Collection Baccara 0278
„Rachel hat nämlich Colin getroffen und ihm die Angelegenheit übergeben.“
„Bei ihm bist du in guten Händen“, meinte Adrienne.
„Zweifellos“, pflichtete Kim mit einem vielsagenden Lächeln bei. „Ich schätze, er wird sich bei dir besonders große Mühe geben. Der Junge war doch immer schon verrückt nach dir. Und du hast dich in New York zu einer attraktiven jungen Frau gemausert.“
„Wie bitte?“ Rachel traute ihren Ohren nicht.
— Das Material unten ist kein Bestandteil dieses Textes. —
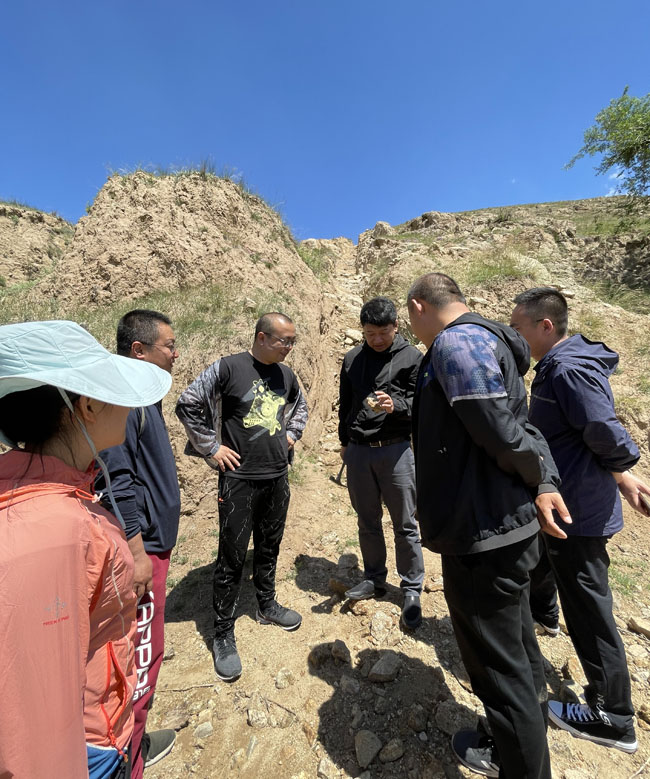 活動(dòng)中,礦產(chǎn)中心副主任、“右玉金礦項(xiàng)目”負(fù)責(zé)人陳志方向大家細(xì)致講解了該項(xiàng)目立項(xiàng)、設(shè)計(jì)和實(shí)施的進(jìn)度,與大家共同交流了該地典型的地質(zhì)構(gòu)造現(xiàn)象以及項(xiàng)目部近期的工作重點(diǎn)。與大家分享了自己參加工作以來(lái),一直扎根于野外一線(xiàn),參與完成數(shù)項(xiàng)國(guó)家、省級(jí)重點(diǎn)項(xiàng)目的心得體會(huì)。在野外實(shí)訓(xùn)過(guò)程中,帶領(lǐng)大家到野外工區(qū)實(shí)地踏勘,對(duì)地層構(gòu)造、礦床成因等進(jìn)行了重點(diǎn)講解。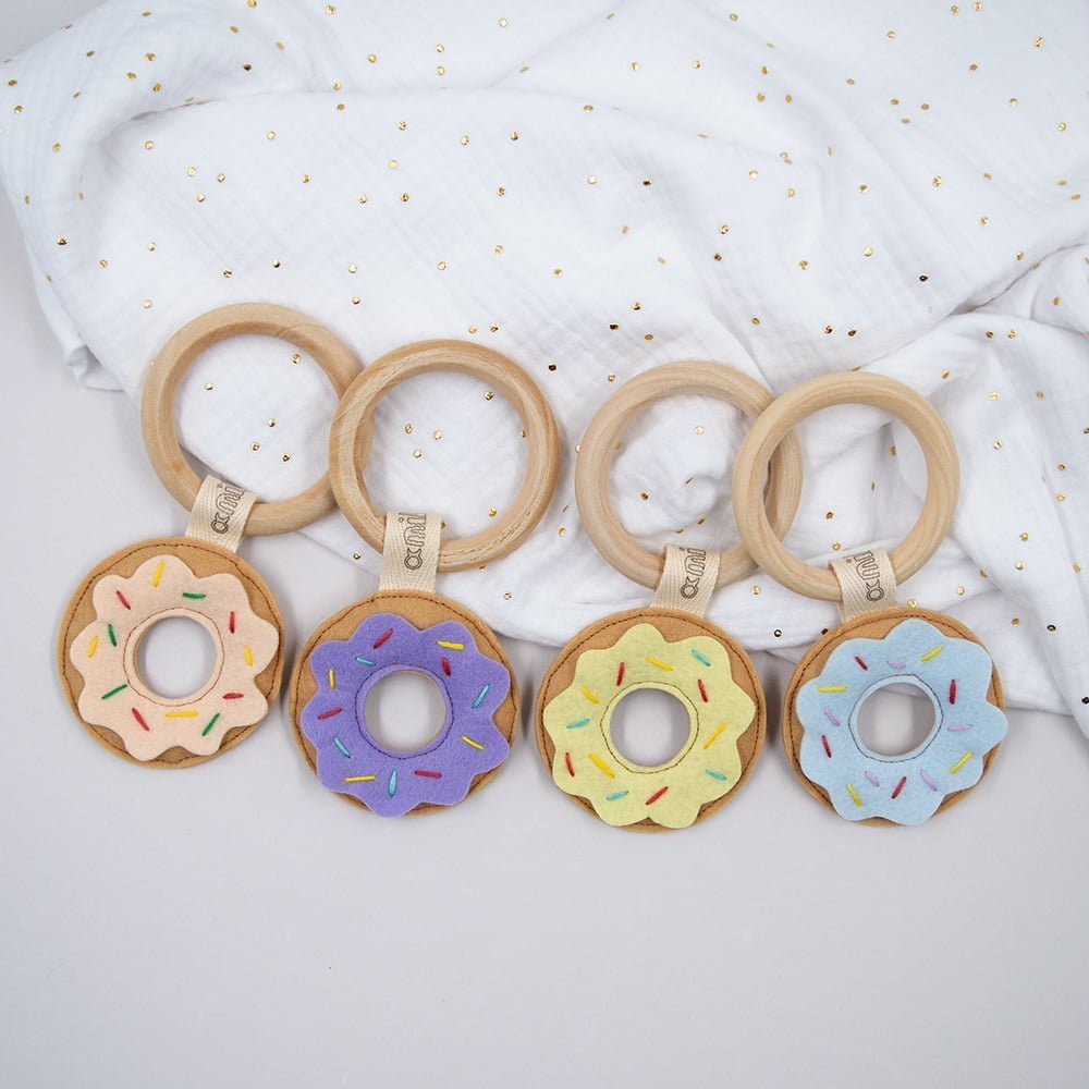 Ποικιλία τσόχινων παιχνιδιών και μεγέθους ξύλινου κρίκου για να καλύπτουν τις ανάγκες του κάθε μωρού.

Sie konnte kaum glauben, was ihre Großmutter da von sich gab.
„Ich sagte, Colin war schon immer verrückt nach dir!“, wiederholte Kim mit einem Kopfnicken. „Wir dachten alle, du könntest es kaum erwarten, ihn wiederzusehen.“
Wir? Wer waren „wir“? Empört widersprach Rachel ihrer Großmutter. „Das stimmt doch gar nicht! Ich habe ihm nie etwas bedeutet. Erinnerst du dich an den Abschlussball? Ich dachte, er hätte mich gebeten, ihn zu begleiten, doch in Wirklichkeit hatte ich ihn falsch verstanden, und er ist lieber mit einer anderen hingegangen.“
„Aber du warst es doch, die ihm einen Korb gegeben hat!“ Die Großmutter seufzte. „Wie dem auch sei, ich finde, ihr solltet die Sache endlich einmal klären.“
„Die Geschichte ist für mich abgehakt“, sagte Rachel entschieden. Doch leider musste sie feststellen, dass sie seit ihrer Rückkehr nach Morrisville die Vergangenheit wieder eingeholt hatte. In NewYork hatte sie ihr früheres Leben hinter sich gelassen und hatte sehr gut damit gelebt. Jetzt aber wurden die alten Wunden wieder aufgerissen. Jahrelang war sie in Colin verliebt gewesen, doch er hatte sie immer nur als kumpelhafte Freundin gesehen. Vielleicht hatte sie sich eine Zeit lang eingebildet, er mochte sie ebenfalls, doch sie war eines Besseren belehrt worden.
„Okay, wir sollten uns nicht weiter einmischen“, beschloss Adrienne das Thema. „Jedenfalls kannst du unsere Küche benutzen, sooft du willst.“
„Danke. Es ist ja nur vorübergehend“, meinte Rachel. „Spätestens in einem halben Jahr werde ich wieder nach New York zurückgehen. Ich möchte dort gerne einen eigenen Laden eröffnen und meine Süßspeisen zusätzlich über das Internet anbieten.“
„Ich wünschte, wir könnten noch mehr für dich tun“, sagte Adrienne.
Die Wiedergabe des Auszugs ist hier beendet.